(Goal of the exercise) Without the pictures, print the lines running from the beginning of the material to the line containing "버스기사는 소방관들과 실랑이 끝에 차에서 내립니다.", both ends included.

(Data to use)
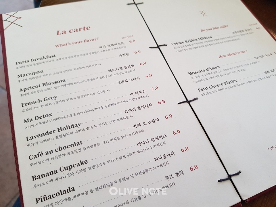메뉴판이에요. 이곳은 티(Tea)카페이기 때문에 커피는 없어요. 커피를 드시려면 이곳에 가시면 안 됩니다.^^
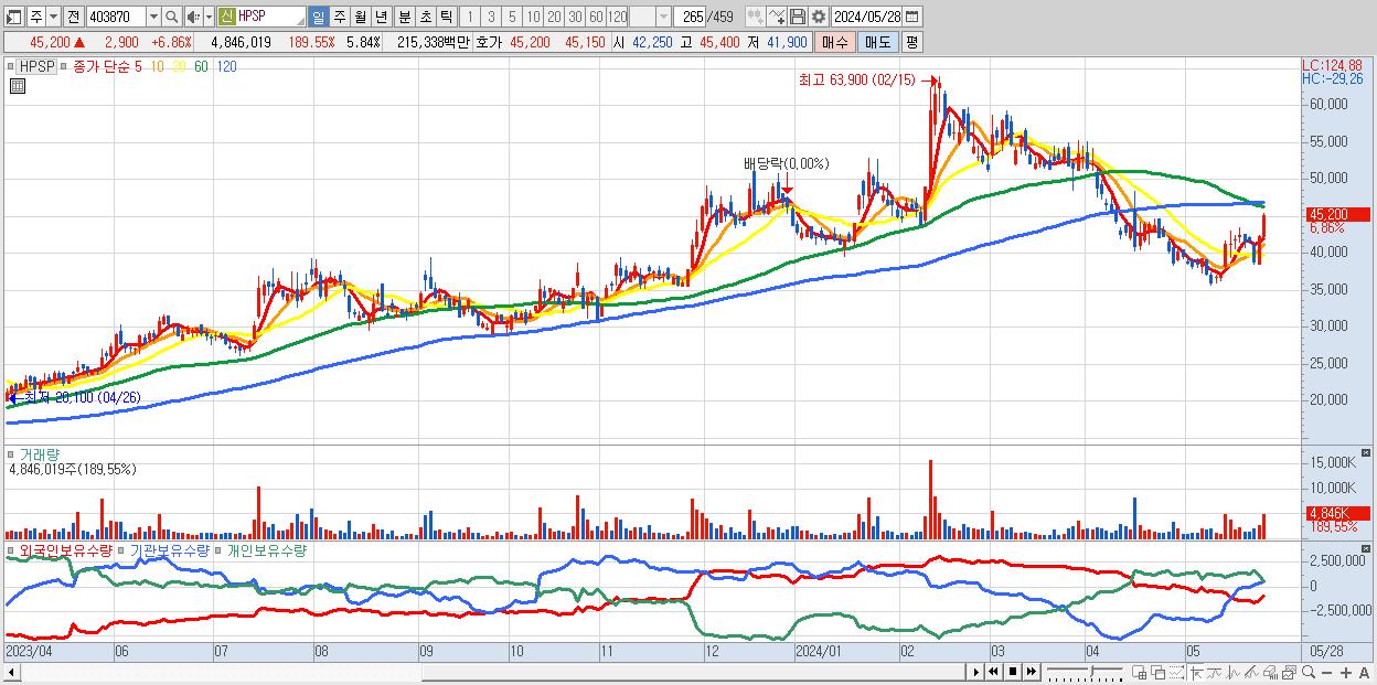 - HPSP (45,200원 ▲ 6.86% , 시총: 37,486억, 거래량: 4,846,019, 거래대금:2,153억)
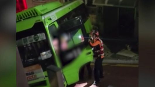 버스기사는 소방관들과 실랑이 끝에 차에서 내립니다.
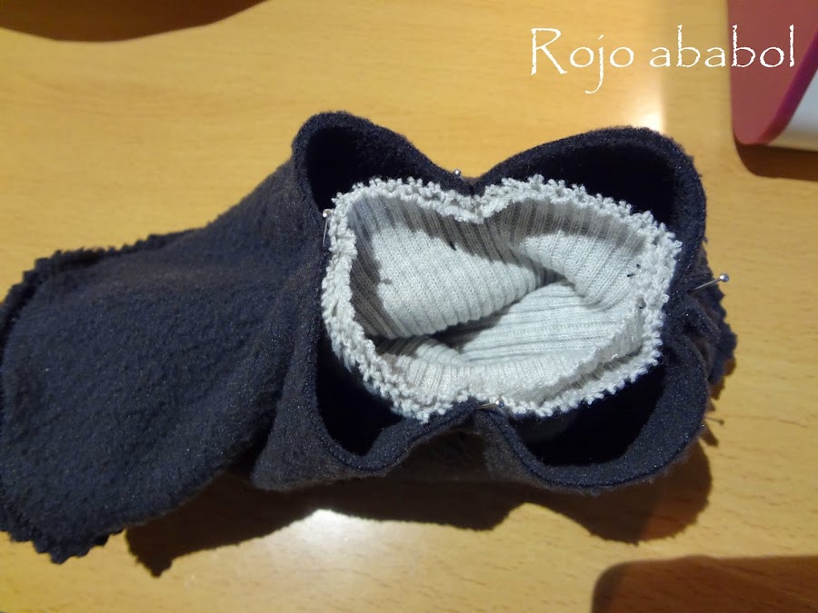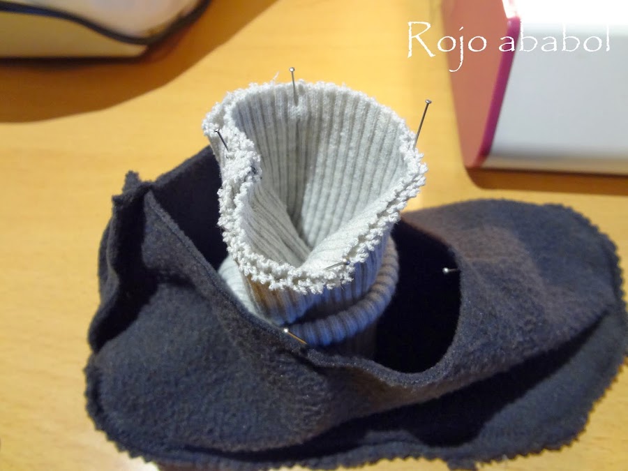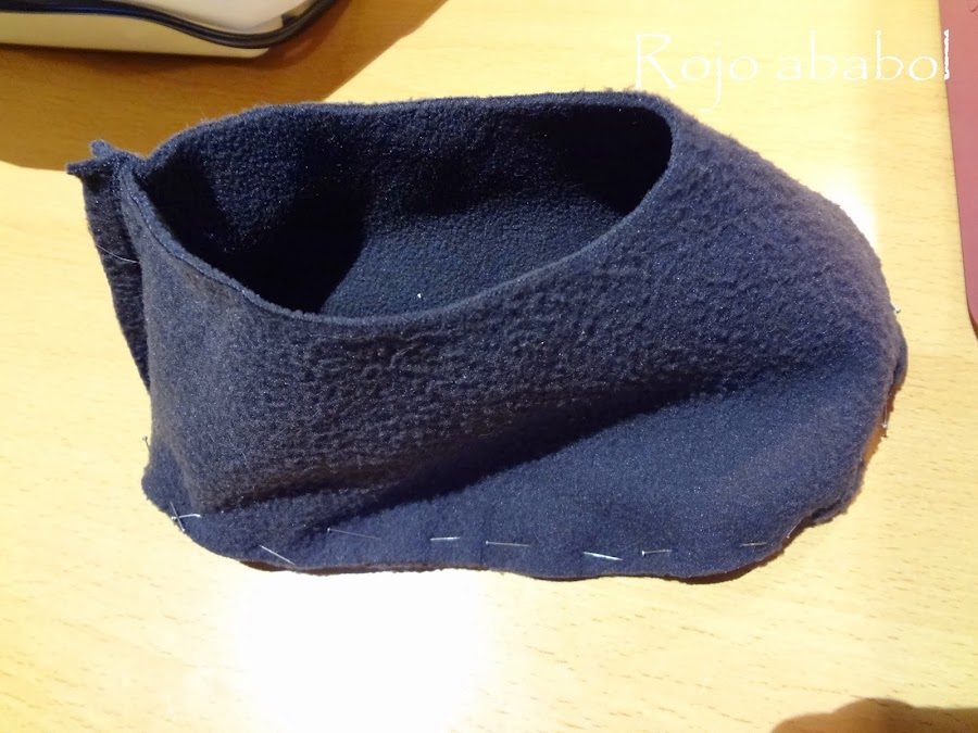 Si se estira mucho el polar que usáis ir ajustando para que quede "clavado" a la suela, veréis que os encaja bien. Cosemos todo alrededor
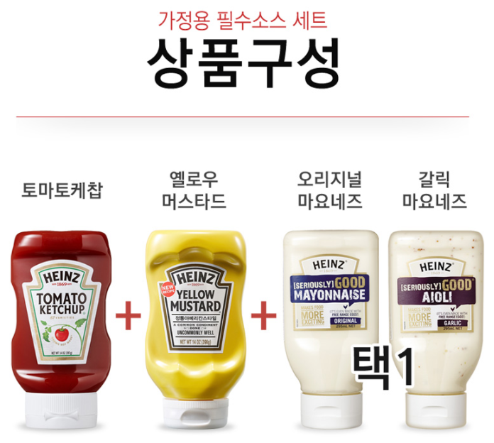 케첩/머스타드/마요네즈 구성 말고도 파스타 소스나 케첩으로만 구성된 상품도 있으니 둘러보세요
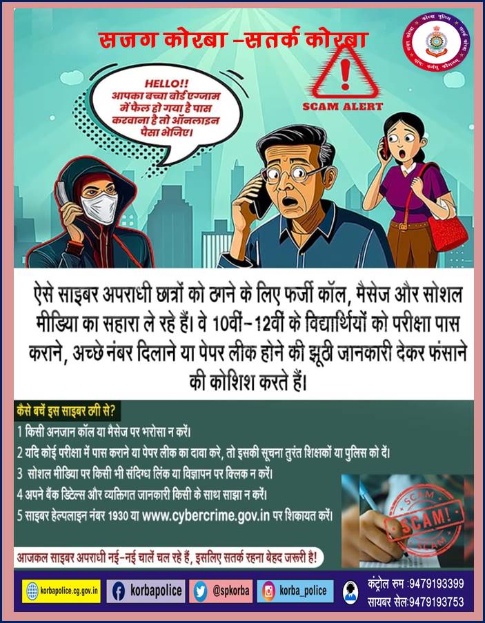Samachar Chhattisgarh : कोरबा पुलिस आमजन, विशेषकर 10वीं एवं 12वीं कक्षा के विद्यार्थियों एवं उनके पालकों से अपील करती है कि वे ‘परीक्षा में पास कराने’ या ‘अंक बढ़वाने’ के नाम पर आने वाले किसी भी अज्ञात कॉल, मैसेज या ईमेल से सावधान रहें। हाल ही में यह देखा गया है कि परीक्षा परिणाम की प्रतीक्षा में मानसिक तनाव से जूझ रहे छात्रों एवं उनके पालकों को निशाना बनाकर कुछ साइबर अपराधी खुद को शिक्षा बोर्ड या स्कूल प्रबंधन का अधिकारी बताकर ठगी का प्रयास कर रहे हैं।
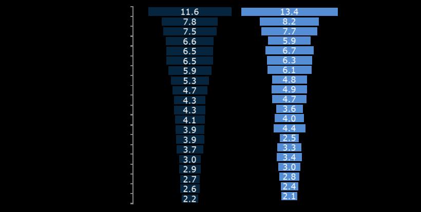 Din punct de vedere al notorietăţii pe domenii, în top zece apar FMCG, Retail, Telecomunicații și Financiar, la polul opus situându-se Construcțiile, Audit & Consultanță și Agricultură.
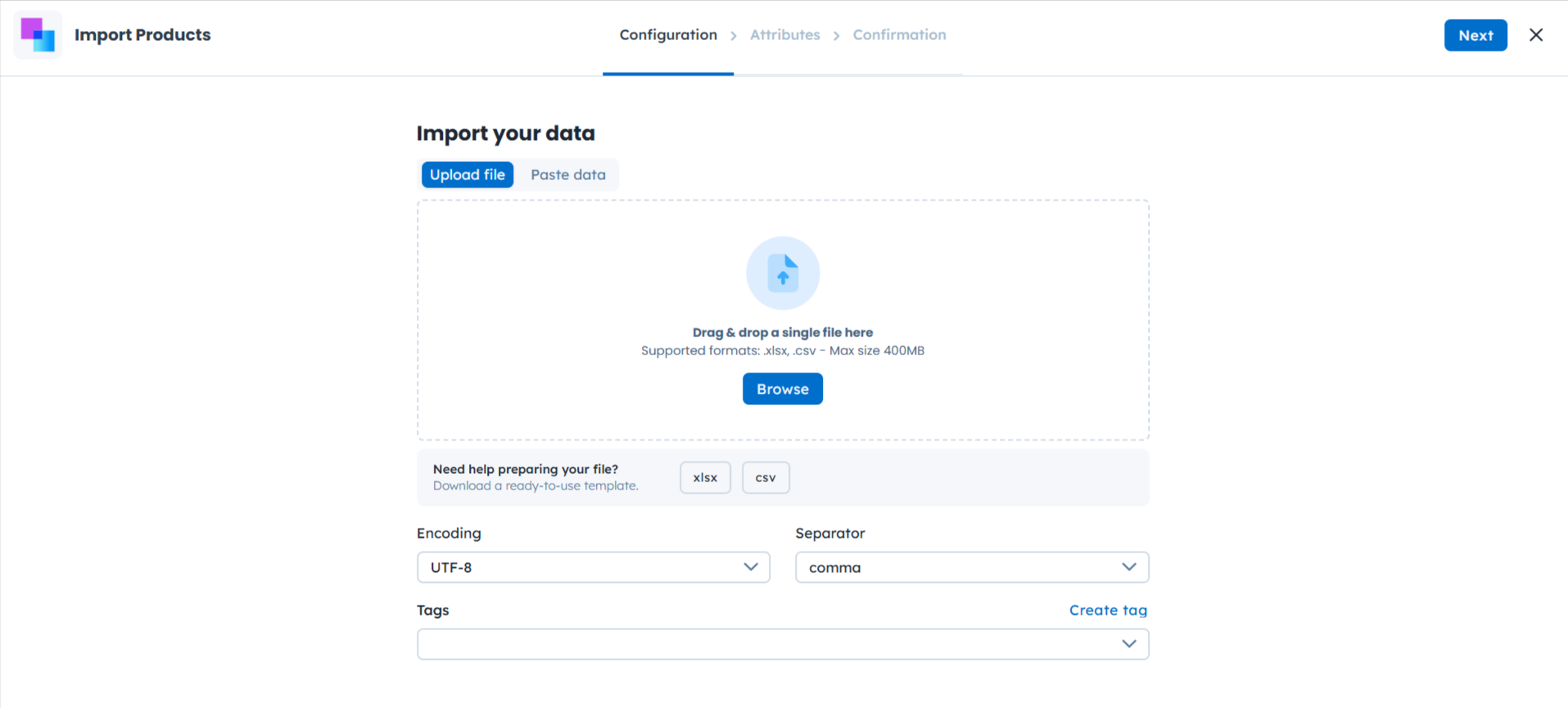 Before uploading, ensure your file is formatted correctly. If you aren't sure how your file should look, you can download a ready-to-use template directly from the app by clicking the “xlsx” or “csv” button in the “Data” → “Import” section.
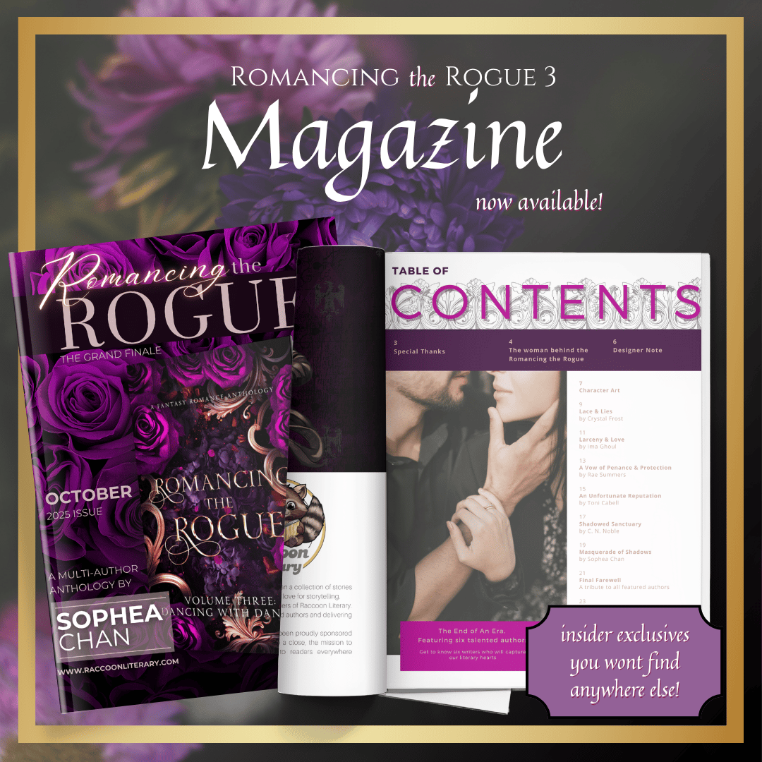 Featuring stories and specials from Sophea Chan, C. N. Noble, Toni Cabell, Ima Ghoul, Rae Summers, and Crystal Frost—this is your chance to celebrate the world of Romancing the Rogue one final time.
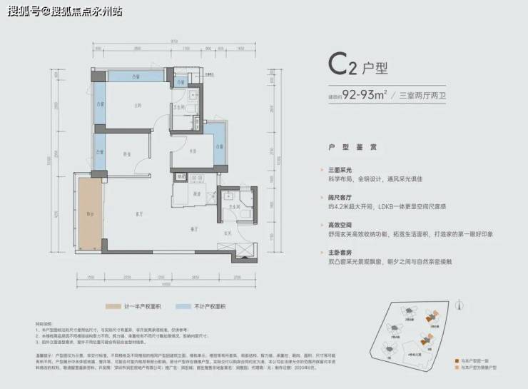 C2户型-92-93㎡-3房2厅2卫,设计的竖厅格局,大气方厅,同面积段难得的LDKB一体化设计,客厅4.25米开间,双凸窗主卧套房,西南及东北朝向。
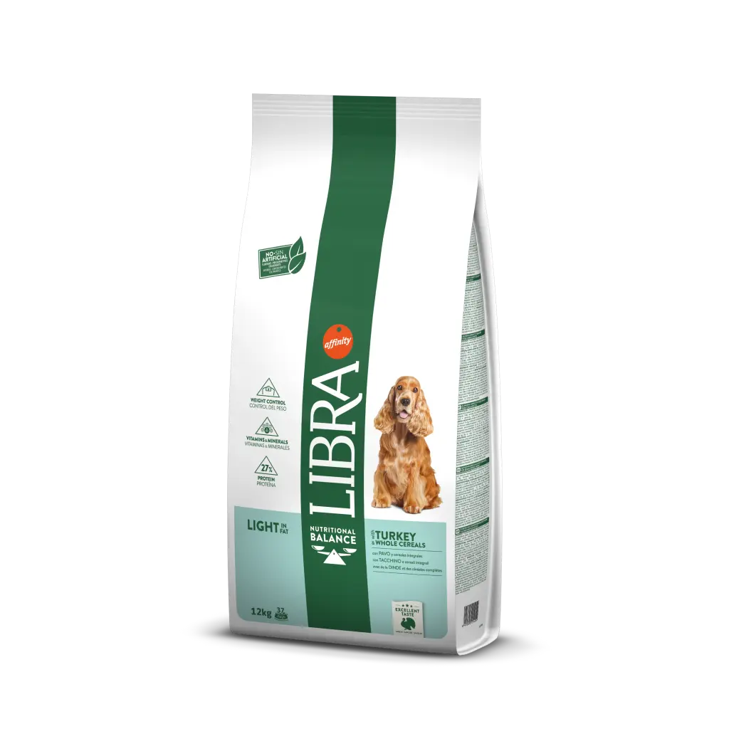 Libra Light in fat Turkey & whole cereals é um alimento formulado para cães com excesso de peso. Com baixo teor de gordura, esta ração seca ajuda o seu melhor amigo a ter um peso ideal, contribuindo, assim, para que ele tenha uma vida saudável e feliz. Uma dieta completa e equilibrada, para o bem-estar geral do seu patudo.
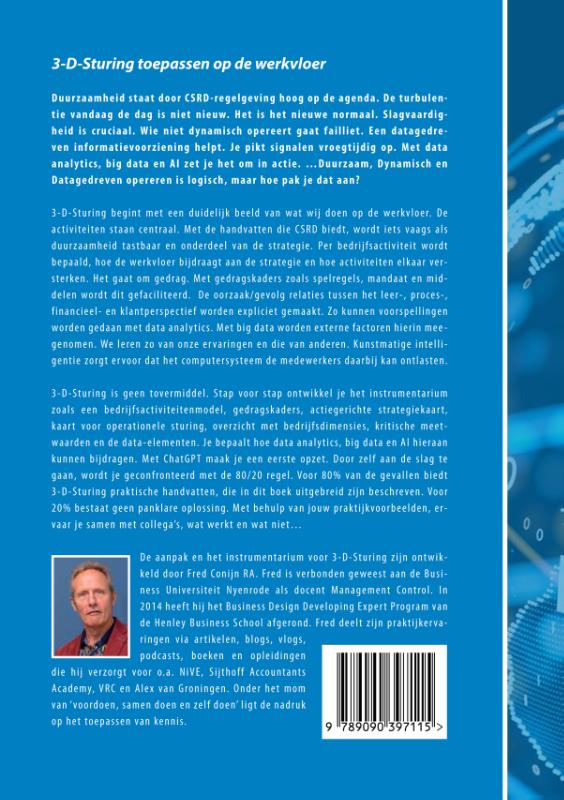 3-D-Sturing toepassen op de werkvloer Duurzaamheid staat door CSRD-regelgeving hoog op de agenda. De turbulentie vandaag de dag is niet nieuw. Het is het nieuwe normaal. Slagvaardigheid is cruciaal. Wie niet dynamisch opereert gaat failliet. Een datagedreven informatievoorziening helpt. Je pikt signalen vroegtijdig op. Met data analytics, big data en AI zet je het om in actie. …Duurzaam, Dynamisch en Datagedreven opereren is logisch, maar hoe pak je dat aan? 3-D-Sturing begint met een duidelijk beeld van wat wij doen op de werkvloer. De activiteiten staan centraal. Met de handvatten die CSRD biedt, wordt iets vaags als duurzaamheid tastbaar en onderdeel van de strategie. Per bedrijfsactiviteit wordt bepaald, hoe de werkvloer bijdraagt aan de strategie en hoe activiteiten elkaar versterken. Het gaat om gedrag. Met gedragskaders zoals spelregels, mandaat en middelen wordt dit gefaciliteerd. De oorzaak/gevolg relaties tussen het leer-, proces-, financieel- en klantperspectief worden expliciet gemaakt. Zo kunnen voorspellingen worden gedaan met data analytics. Met big data worden externe factoren hierin meegenomen. We leren zo van onze ervaringen en die van anderen. Kunstmatige intelligentie zorgt ervoor dat het computersysteem de medewerkers daarbij kan ontlasten. 3-D-Sturing is geen tovermiddel. Stap voor stap ontwikkel je het instrumentarium zoals een bedrijfsactiviteitenmodel, gedragskaders, actiegerichte strategiekaart, kaart voor operationele sturing, overzicht met bedrijfsdimensies, kritische meetwaarden en de data-elementen. Je bepaalt hoe data analytics, big data en AI hieraan kunnen bijdragen. Met ChatGPT maak je een eerste opzet. Door zelf aan de slag te gaan, wordt je geconfronteerd met de 80/20 regel. Voor 80% van de gevallen biedt 3-D-Sturing praktische handvatten, die in dit boek uitgebreid zijn beschreven. Voor 20% bestaat geen panklare oplossing. Met behulp van jouw praktijkvoorbeelden, ervaar je samen met collega’s, wat werkt en wat niet… De aanpak en het instrumentarium voor 3-D-Sturing zijn ontwikkeld door Fred Conijn RA. Fred is verbonden geweest aan de Business Universiteit Nyenrode als docent Management Control. In 2014 heeft hij het Business Design Developing Expert Program van de Henley Business School afgerond. Fred deelt zijn praktijkervaringen via artikelen, blogs, vlogs, podcasts, boeken en opleidingen die hij verzorgt voor o.a. NiVE, Sijthoff Accountants Academy, VRC en Alex van Groningen. Onder het mom van ‘voordoen, samen doen en zelf doen’ ligt de nadruk op het toepassen van kennis.
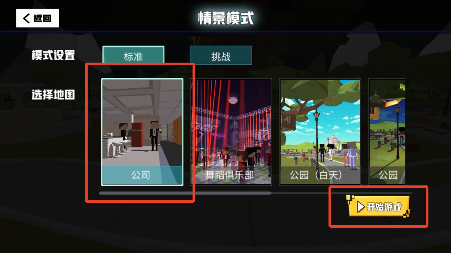 1、第一步,随意选择进入一个地图,此次我们选择进入情景模式中的公司地图,接着点击开始游戏。
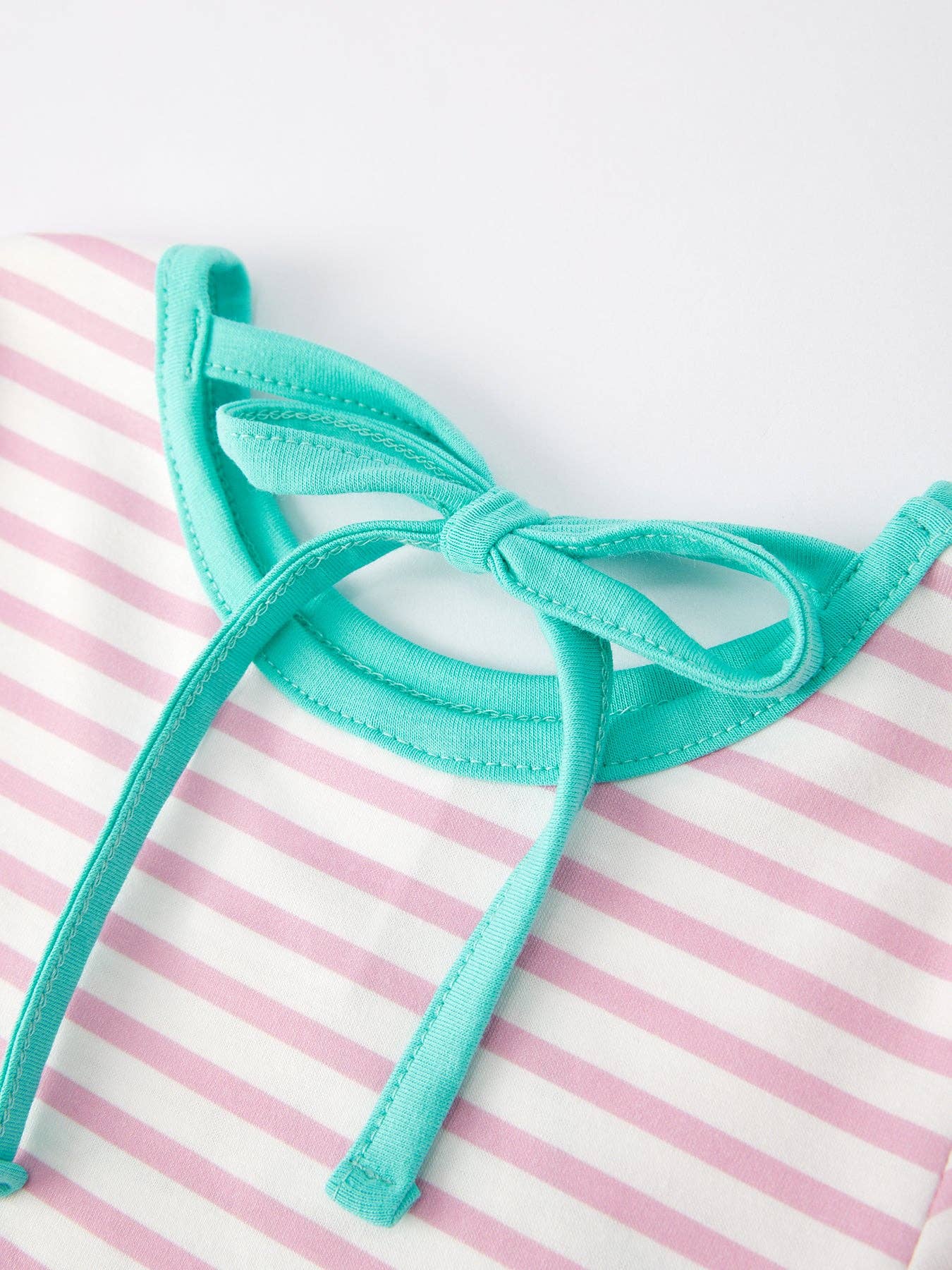 Indulge in some romantic Valentine's Day fashion with our Ruffle Stripe Smocking Embroidered Outfit Set! The delicate smocking and charming embroidered details make for a sweet and stylish choice. Show your love in this perfect outfit for a lovely evening. top: 95% polyester 5% spandex, combo: 97% cotton, 3% spandex pants:97% cotton, 3% spandex

(Completed task)
메뉴판이에요. 이곳은 티(Tea)카페이기 때문에 커피는 없어요. 커피를 드시려면 이곳에 가시면 안 됩니다.^^
 - HPSP (45,200원 ▲ 6.86% , 시총: 37,486억, 거래량: 4,846,019, 거래대금:2,153억)
 버스기사는 소방관들과 실랑이 끝에 차에서 내립니다.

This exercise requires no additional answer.